Gestational diabetes

  • Gestational diabetes occurs during pregnancy when an individual becomes less sensitive to insulin.
  • During pregnancy, individuals can take steps to manage the condition. These include:
    • staying active
    • monitoring the growth and development of the fetus
    • adjusting their diet
    • monitoring blood sugar levels

Gestational diabetes can increase a person’s risk of developing high blood pressure during pregnancy. It can also cause:

    • premature birth
    • increased birth weight
    • blood sugar issues with the newborn, which typically clear up within a few days
    • increased risk of the baby developing type 2 diabetes later in life.

Prediabetes

  • Prediabetes, or borderline diabetes, occurs when a person’s blood sugar levels are elevated but not enough for a diagnosis of diabetes. For a doctor to diagnose prediabetes, an individual must meet the following:
  • glucose tolerance levels of 140–199 milligrams per deciliter (mg/dl)
  • an A1C test result of 5.7–6.4%
  • fasting blood sugar levels between 100–125 mg/dl
  • People living with prediabetes have a higher risk of developing type 2 diabetes, but they do not usually experience the symptoms of full diabetes.
  • The risk factors for a person developing prediabetes and type 2 diabetes are similar. They include:
    • being overweight
    • a family history of diabetes
    • having a high-density lipoprotein (HDL) cholesterol level lower than 40 mg/dl or 50 mg/dl
    • a history of high blood pressure
    • having gestational diabetes or giving birth to a child with a birth weight of more than 9 pounds
    • a history of polycystic ovary syndrome (PCOS)
    • being of African-American, Native American, Latin American, or Asian-Pacific Islander descent
    • being more than 45 years of age
    • having a sedentary lifestyle

Prevention

  • A person cannot prevent type 1 diabetes.
  • However, people can take some steps to help prevent type 2 diabetes. Some ways to help prevent type 2 diabetes
    • maintaining a moderate weight
    • eating a balanced diet low in added sugars, saturated fats, and processed foods
    • exercising regularly
  • To reduce the risk of developing gestational diabetes, a person should maintain a moderate weight before becoming pregnant.

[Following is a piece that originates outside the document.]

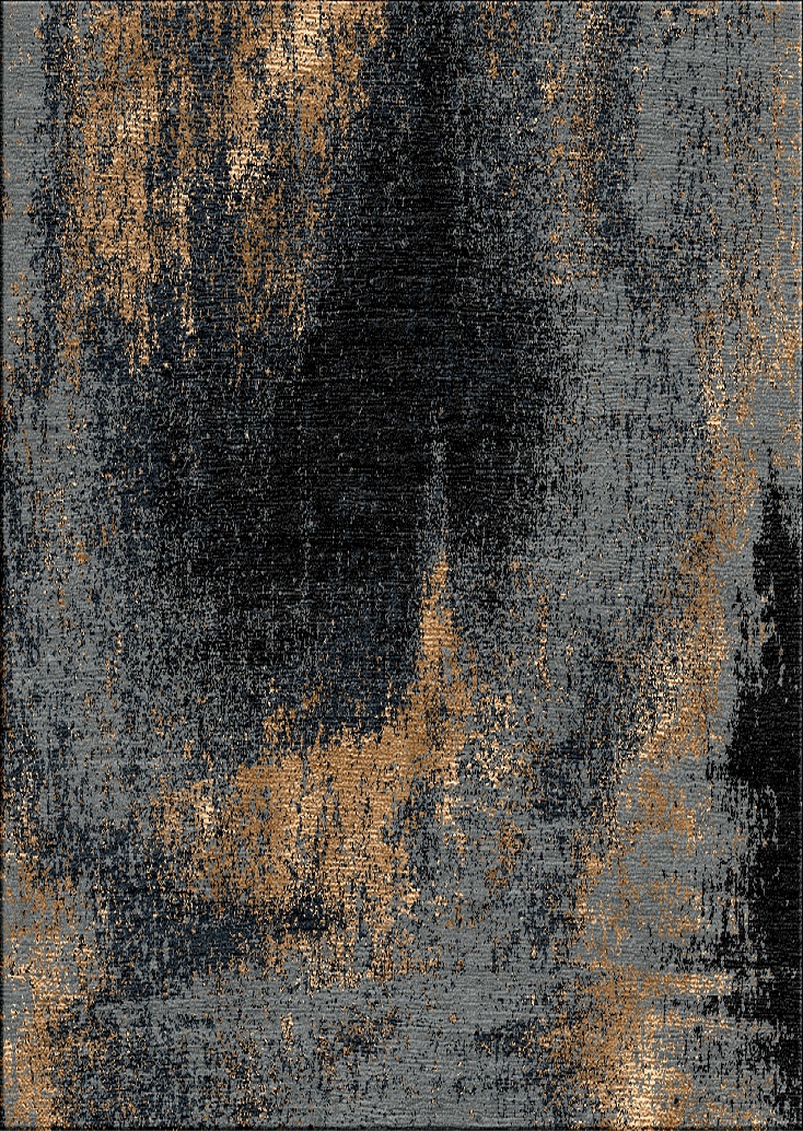 Washed Denim Rug – Noir 300x240cm. Blended dark grey-black wools & copper coloured silks gives a luxurious highlight to a dramatic rug. Made entirely by hand using the traditional method of hand knotting, built to last generations.

While these steps can help, it is important to note that people may still develop either type 2 or gestational diabetes.

How insulin problems develop

  • Doctors do not know the exact causes of type 1 diabetes. However, insulin resistance, which can lead to type 2 diabetes, has clearer causes.
  • Insulin allows the glucose from a person’s food to access the cells in their body to supply energy. Insulin resistance is usually a result of the following cycle:
  • A person has genes or an environment that make it more likely for them to be unable to produce enough insulin to cover how much glucose, or sugar, they eat.
  • The body tries to make extra insulin to process the excess blood sugar.
  • The pancreas cannot keep up with the increased demands, and the excess blood sugar starts to circulate in the blood, causing damage.
  • Over time, insulin becomes less effective at introducing glucose to cells, and blood sugar levels continue to rise.
  • With type 2 diabetes, insulin resistance takes place gradually. This is why doctors often recommend making lifestyle changes in an attempt to slow or reverse this cycle.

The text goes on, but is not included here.